As we see it, here are the seven key components of a private cloud environment:

  1. Heterogeneous systems support – The private cloud needs to support an organization’s heterogeneous infrastructure, as well as resources from external providers. This includes server, storage and networking hardware, operating systems, hypervisors, storage systems, and file systems.

  2. Integration with management tools – Enterprises use a variety of IT management tools for security, provisioning, systems management, directory, reporting, billing, data management, regulation, and compliance. Cloud computing does not replace these tools. Instead, properly designed private cloud management software easily integrates with existing tools and invokes them as needed during cloud operations.

  3. Configurable resource allocation policies – The cloud must be workload-aware as well as resource-aware. This means that the cloud management software can determine the most efficient placement of application workloads. The cloud management software guarantees resource reservations to its customers based on well-defined policies. And, when demand peaks, the software is able to arbitrate resources based on business priorities of various parts of the cloud workload to cost-effectively meet SLAs.

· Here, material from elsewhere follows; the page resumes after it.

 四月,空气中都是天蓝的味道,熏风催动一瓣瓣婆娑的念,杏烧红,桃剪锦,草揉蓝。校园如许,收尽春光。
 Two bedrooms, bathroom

  4. Integration with workload managers, middleware and applications – Clouds exist to run applications. In addition to a self-service portal for users to request virtual or physical machines, private cloud management software provides flexible API’s to enable easy integration with the enterprise’s essential workload managers, middleware, and applications.

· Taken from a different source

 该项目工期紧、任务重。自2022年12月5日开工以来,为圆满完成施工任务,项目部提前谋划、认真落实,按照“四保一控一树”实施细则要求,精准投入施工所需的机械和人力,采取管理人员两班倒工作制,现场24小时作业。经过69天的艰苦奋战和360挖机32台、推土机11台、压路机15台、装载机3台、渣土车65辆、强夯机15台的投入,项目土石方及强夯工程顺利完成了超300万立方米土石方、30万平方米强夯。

  5. Support IT and business processes – Clouds provide support for various IT and business processes and allow IT to automate many of its operations. In fact, cloud management enables the definition and ongoing modifications of many IT management processes that had been performed manually.

  6. Extensible to external resources – In addition to providing more flexible services with internal resources, the cloud should enable managed access to external resources that are hosted by service providers. This enables more flexible capacity planning where additional resources can be used and paid for only when needed, while centrally controlling access and metering of these services.

  7. Enterprise, not workgroup, solution – An organization usually consists of multiple departments and locations, often distributed internationally. A flexible cloud scales to meet their diverse needs in real time. While cloud computing may be adopted initially within an individual line of business or location, it enables the integration of IT across the enterprise by reconfiguring rather than replacing the private cloud management software. Therefore, a private cloud can be an enterprise-wide IT services delivery system that provides transparent and consistent access to global resources.


It’s very important for companies to remember that just like other mission-critical enterprise business systems and services, a private cloud is built by the IT organization, not bought from a vendor. Private cloud management software is the key to enabling IT to configure its data center resources, integrating its management tools, and supporting its applications and business processes. You could consider it “the glue” that binds together enterprise data center operations as organizations move into the era of cloud computing.